Wouldn't you love to adopt this baby? I mean, who wouldn't love to pick out their new family member? I would ask for a child that might look like me, or have my husband's eyes, or my sense of humor? Maybe I would ask for two girls and one boy.
With adoption, I keep getting asked what race of baby I am looking for. With some agencies, Caucasian babies cost more, which I find slightly distasteful. One lady told me it was supply and demand (um, we will not be using you.) With others, they charge a flat fee. I can specify sex with some agencies, with others, I have to be more open to whatever comes along.
I keep coming back to the fact that if this were my flesh and blood child, I wouldn't get to pick that stuff. Well, I guess I could determine the race from looking at my white husband and my own pale reflection, but I wouldn't be able to choose anything else about my child. I would have to surrender that to God. He would choose whose nose was mimicked. He would choose the eye color, the hair color, and the sex.

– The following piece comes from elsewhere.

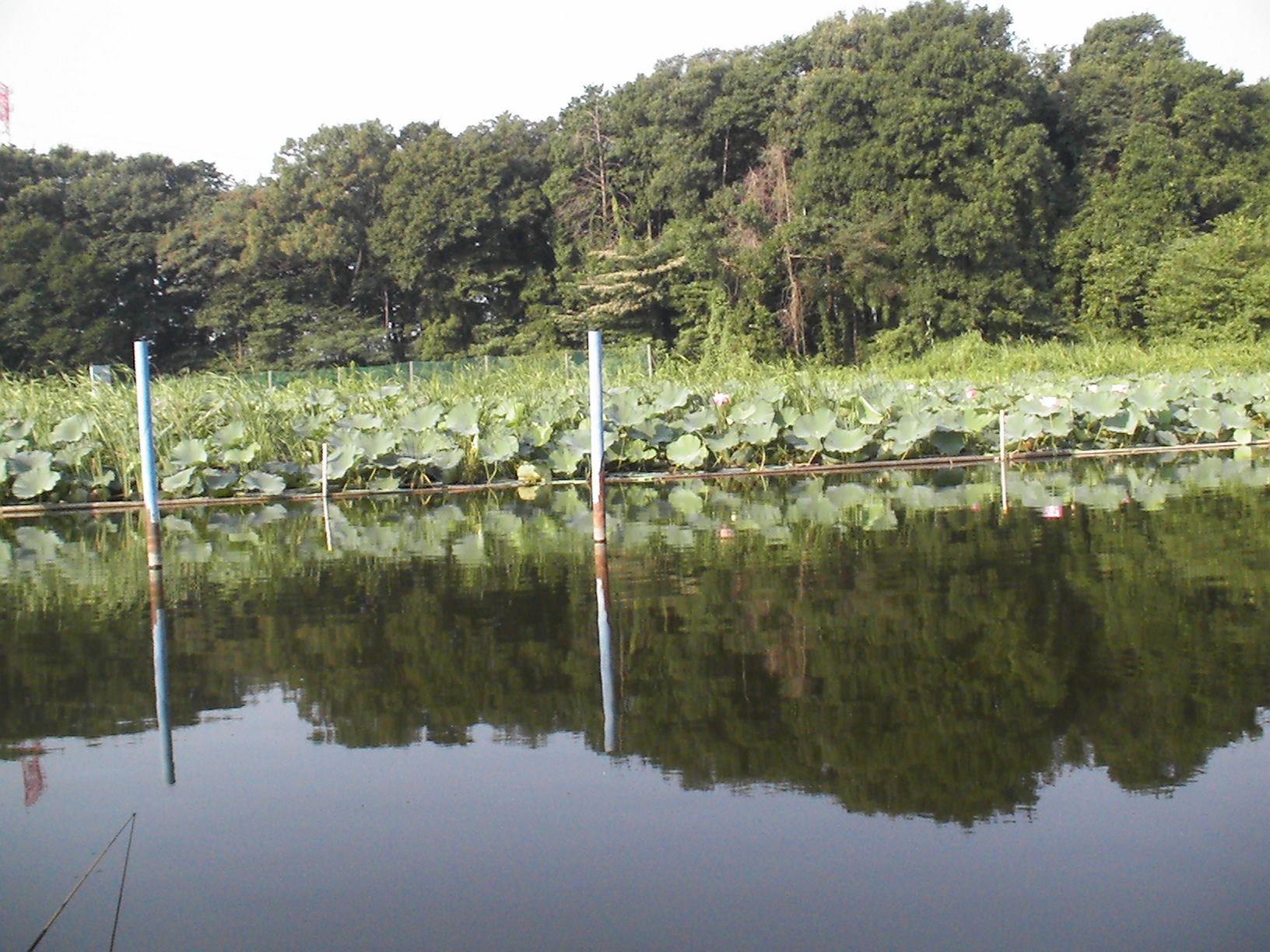 朝6時に駐車場で待ち合わせ、料金を払った後お客さんの入り具合を見てみます。さくらから松の各桟橋には人がたくさん入っているようです。今日は事務所前の桟橋の一番、あやめ桟橋に釣り座を構えました。こちらはあまり人が入っていません。桟橋の中程池の奥に向かって座ると正面に蓮が生えています。景観は抜群ですね。

And it might really be better that way. For me to surrender all that to God and let Him worry about finding a birthmother, a good match, and my child. I need to put all those worries in His basket and then let them go. I need to trust that God gave me PCOS so that another woman out there with an unplanned pregnancy would have a good home for her child to go to. I need to trust in His plan.
For now I am talking to lots of agencies and eliminating the ones that charge ridiculous amounts for Caucasian babies and will give me African American ones at half price. That leaves such a bad taste in my mouth. Yuck.